With iOS 13, Apple redoubles its commitment to security and anti-tracking technologies by providing a new way to remove photo location information from any shot before sharing it with someone, or on social media. Now you can remove the location from photos, videos, or multiple images and movies you want to send via Mail, Messages, Facebook, Twitter, Messenger, or… you name it. That way, you don’t have to worry about a stranger finding out your approximate address from your iPhone shots. Here’s how to do that.

  • Shoot your photo or video as you normally do with the Camera app.
  • Find the album or section where the photo lives.
  • If you’re just sharing a single image or video, open it, and tap the Share button.
  • To share multiple photos and videos, tap Select in the album or section view, tap on all the files you’re sending, and tap the Share button.
  • When you’re about to share in the Photos app, observe a new Options button in iOS 13.
  • Tap on Options and in the next pane, toggle off Location.
  • Then send your photo via any conduit you like. There will now be no way for the viewer to decipher the location where it was shot. Note that the toggle is not historical, but must be reset after each send.
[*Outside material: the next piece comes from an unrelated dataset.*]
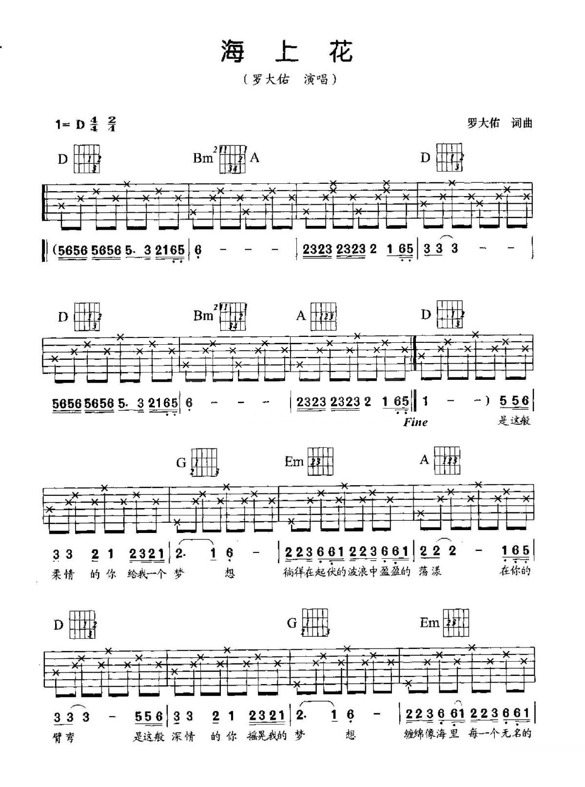 D调版罗大佑《海上花》吉他弹唱六线谱...

You can only remove the location within the iPhone Photos app, so be sure to share your shots directly from the app. This handy iOS 13 privacy feature is designed only for the photos and videos you share with others. The photos residing on your device retain all their location information — it’s only the ones sent via text, email, or social media that will strip out the location data. The rest of the metadata associated with your image — time, device type, shutter speed, and aperture, remains with your shot.You can see that location data was actually removed in iOS 13. To view where a photo or video was taken, swipe up in the Photos app. If location was enabled when you shot it, a map appears pinpointing it in Places. Turning off the Location using the new iOS 13 feature means that when you share it, that image does not carry the location metadata with it.
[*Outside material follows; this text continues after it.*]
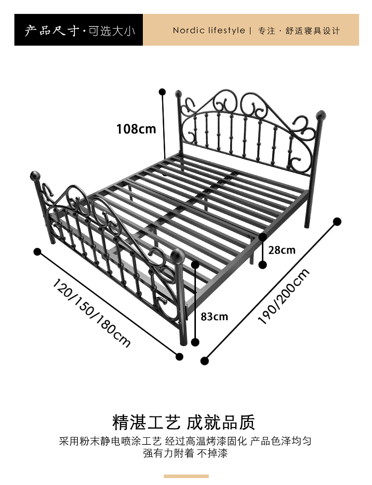 현대적인 미니멀리스트 철제 침대 1.5m 더블 1.8 어린이 철제 침대 인터넷 연예인 공주 철제 프레임 북유럽 싱글 1.2m

Removing Geolocation from photos in iOS 12

Even if you have not yet installed iOS 13, or intend to wait till all the bugs are ironed out before doing so, you can still hide your geolocation from images you post to the public. In iOS 12, there are a few ways to strip geotags from photos and videos, but it takes some extra steps and is not as flexible, compared with iOS 13. Here’s how to do it.

Disable Location Services

  • Choose Settings from your device’s Home screen.
  • Scroll down to find the Privacy selection and tap.
  • Tap Location Services.
  • Tap Camera.
  • Tap Never.

This action prevents the Camera app from recording location information in your shot, so you can’t share what you don’t have. But that method can be inconvenient if you’d like to preserve that metadata for personal use, even if you don’t want to share it.

Use a third-party app

There are a variety of third party apps that you can use to remove iPhone Camera metadata. Here are a couple of our favorites.

Metapho: Metapho ($4) is a share extension that appears when you tap the share command of any photo on your phone. It lets you view iOS photo metadata such as date, file name, size, camera model, shutter speed, and location. You can check metadata and export an image without metadata. You can also see photo EXIF data, Safe Share by removing geotag and personal information, change the date and time of a photo, add or change geolocation data of a photo, edit multiple metadata at once, and save as a new copy or replace the original with a revertible version.

Exify: Not only does Exify ($2) let you access extremely detailed information about your images, such as location, elevation and maps, and capture time in local time and UTC,  it lets you selectively remove, alter, and substitute information as well. Among its many functions is the ability to remove location information and add GPS metadata from a different image.